Vivir de rentas es un viejo sueño de los españoles -y de otros muchos- que por el momento sólo está al alcance de gente con suerte en los negocios, la lotería o la especulación inmobiliaria. Pero eso podría cambiar de aquí a no mucho.

Felizmente, la socialización de la figura del rentista empieza a ser algo más que una quimera gracias a los robots que están dejando sin empleo a los currelas de toda la vida.

Alguna fábrica de China ha previsto ya la sustitución de la mitad de su descomunal plantilla de 120.000 trabajadores por robots: y esto no ha hecho más que empezar. Incluso en la España azotada por el paro se calcula que estos artilugios mecánicos sustituirán durante los próximos años a un 12 por ciento de los currantes actualmente en nómina.

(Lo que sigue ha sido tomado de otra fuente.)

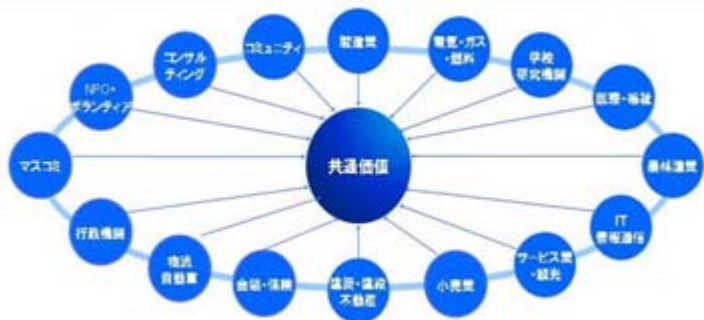
< 5つのコアエンジン >

法人会のビジネスマッチング「バリューアップ交流会」2013年度、第2弾を開催致します！従来の「名刺交換型」や「ブース設置型」ではない、自社の価値を参加者全員で再発見してゆくという新しいスタイルをご体験下さい。「省エネ」、「節電」、「補助金」、「金融」、「医療福祉」、「農業」など、旬のトレンドをテーマに様々な気づきと有機的な連携を生み出します。
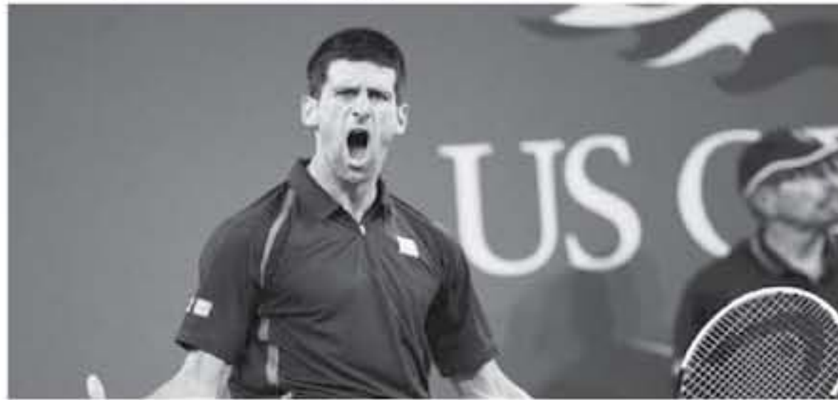
هذه الرحلة الفاصلة ليمس وكأنها خيالية. وأصبحت بايلز، الفائز بعدة ألقاب أولمبية، تتصدر الفئران بعداليات ذهبية في بطولة العالم للجمباز، برقم لباسي بلغ 11 ذهبية، وثلاث لآص

فاز نوفاك ديوكوفيتش، لكسند الأول عالمياً في التنس بجائزة توريس لأفضل رياضي في العالم، خلال العام، بينما لعبت جائزة أفضل رياضية، إلى لاية الجمباز الأمريكية، سينون بايلز. وعاد المصري ديوكوفيتش إلى طريق الانتصارات بعد الخسوة لجرامة في الفرق منذ عام واحد، لكنه حصد لقب ويمبلدون وأمريكا المفتوحة في 2018، قبل أن يحجز لقب بطولة أستراليا المفتوحة في العام الجديد، ويتربع على عرش اللعبة. وبعد حصد اللقب في مليونير برك للمرة السابعة، وتحقق رقم لباسي، اجتاح ديوكوفيتش الأسطورة بيت سامبرسي، وبان يحتل المركز الثالث في قائمة الأكثر حصدًا لألقاب البطولات الأربع الكبرى، برصيد 15 لقباً، يتفوق لقبين عن زاقيل نادال وخمسة ألقاب عن التنس روجر فيدرر. وقال ديوكوفيتش، أمس الأول الاثنين "كنت أفكر في الابتعاد عن التنس.. لم أجد لنسني التوازن المناسب، استقرت عدة أشهر للوصول إلى هنا الأمر، هذه الجائزة تعني هذه الرحلة". //

Las ventajas del robot son innegables desde el punto de vista empresarial. No cobran un céntimo, trabajan veinticuatro horas seguidas y no se sindican ni obligan a cotizar por ellos a la Seguridad Social. Son el ideal de cualquier capitán de industria, salvo por los daños colaterales que causan al consumo.

Los autómatas que amenazan con mandar a medio país al paro no hacen gasto, efectivamente; pero tampoco compran coches, lavadoras ni cualquier producto de los que ayudan a fabricar. Rompen, por tanto, con el ciclo virtuoso de la oferta y la demanda que es la base de la economía de mercado.

Incluso el visionario Henry Ford, que introdujo la fabricación en cadena a gran escala, era consciente de esta amenaza. Para escándalo de sus pares en la industria, Ford pagaba buenos sueldos a sus trabajadores y animaba a los demás emprendedores a hacer lo mismo. «Si no les pagamos bien, ¿quién va a comprar mis coches?», se preguntaba con lógica impepinable el hombre que motorizó a la clase media norteamericana.

La irrupción de los robots contradice esta idea y, más pronto que tarde, obligará a los gobiernos a buscar soluciones para el creciente desempleo de los trabajadores sustituidos por máquinas.

Cuando más de la mitad de la plantilla de las factorías esté formada por androides sin sueldo, habrá que idear forzosamente la manera de buscarle una clientela a las industrias de cada país. Y ahí es donde entra la posibilidad, hasta ahora impensable, de que buena parte de la población pueda vivir de rentas.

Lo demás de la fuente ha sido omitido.